Lazy tree splitting

  • Authors:
  • Lars Bergstrom;Mike Rainey;John Reppy;Adam Shaw;Matthew Fluet

  • Affiliations:
  • University of Chicago, Chicago, IL, USA;University of Chicago, Chicago, IL, USA;University of Chicago, Chicago, IL, USA;University of Chicago, Chicago, IL, USA;Rochester Institute of Technology, Rochester, NY, USA

  • Venue:
  • Proceedings of the 15th ACM SIGPLAN international conference on Functional programming
  • Year:
  • 2010

Quantified Score

Hi-index 0.00

Visualization

Abstract

Nested data-parallelism (NDP) is a declarative style for programming irregular parallel applications.

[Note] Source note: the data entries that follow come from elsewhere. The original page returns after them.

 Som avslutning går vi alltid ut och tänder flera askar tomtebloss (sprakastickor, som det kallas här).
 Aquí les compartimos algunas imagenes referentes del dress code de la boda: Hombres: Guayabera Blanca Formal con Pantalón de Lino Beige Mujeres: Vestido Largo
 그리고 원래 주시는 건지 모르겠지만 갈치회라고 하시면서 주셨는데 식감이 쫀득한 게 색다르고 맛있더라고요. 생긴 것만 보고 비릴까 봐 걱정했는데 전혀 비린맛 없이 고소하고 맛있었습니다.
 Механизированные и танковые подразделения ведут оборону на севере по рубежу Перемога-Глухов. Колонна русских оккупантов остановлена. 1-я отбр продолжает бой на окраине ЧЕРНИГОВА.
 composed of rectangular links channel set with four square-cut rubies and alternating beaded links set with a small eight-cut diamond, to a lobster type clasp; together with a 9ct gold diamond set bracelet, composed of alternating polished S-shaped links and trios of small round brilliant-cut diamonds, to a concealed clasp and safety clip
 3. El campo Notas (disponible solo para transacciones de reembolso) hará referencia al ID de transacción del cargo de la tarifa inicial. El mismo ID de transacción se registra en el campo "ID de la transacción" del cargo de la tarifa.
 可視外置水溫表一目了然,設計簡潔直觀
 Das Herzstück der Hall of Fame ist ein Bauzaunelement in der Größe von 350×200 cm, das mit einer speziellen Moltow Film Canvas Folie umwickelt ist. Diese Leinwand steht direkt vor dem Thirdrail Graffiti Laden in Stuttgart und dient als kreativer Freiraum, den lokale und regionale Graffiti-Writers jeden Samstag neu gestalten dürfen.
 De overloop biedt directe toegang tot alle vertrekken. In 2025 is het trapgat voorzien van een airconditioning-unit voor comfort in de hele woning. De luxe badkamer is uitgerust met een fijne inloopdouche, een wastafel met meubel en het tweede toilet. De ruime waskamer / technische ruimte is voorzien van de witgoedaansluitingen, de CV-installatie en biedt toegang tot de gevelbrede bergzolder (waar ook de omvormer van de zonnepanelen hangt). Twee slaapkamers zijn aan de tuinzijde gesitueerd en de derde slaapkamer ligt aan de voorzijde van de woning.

NDP languages provide language features favoring the NDP style, efficient compilation of NDP programs, and various common NDP operations like parallel maps, filters, and sum-like reductions. In this paper, we describe the implementation of NDP in Parallel ML (PML), part of the Manticore project. Managing the parallel decomposition of work is one of the main challenges of implementing NDP. If the decomposition creates too many small chunks of work, performance will be eroded by too much parallel overhead. If, on the other hand, there are too few large chunks of work, there will be too much sequential processing and processors will sit idle. Recently the technique of Lazy Binary Splitting was proposed for dynamic parallel decomposition of work on flat arrays, with promising results. We adapt Lazy Binary Splitting to parallel processing of binary trees, which we use to represent parallel arrays in PML. We call our technique Lazy Tree Splitting (LTS). One of its main advantages is its performance robustness: per-program tuning is not required to achieve good performance across varying platforms. We describe LTS-based implementations of standard NDP operations, and we present experimental data demonstrating the scalability of LTS across a range of benchmarks.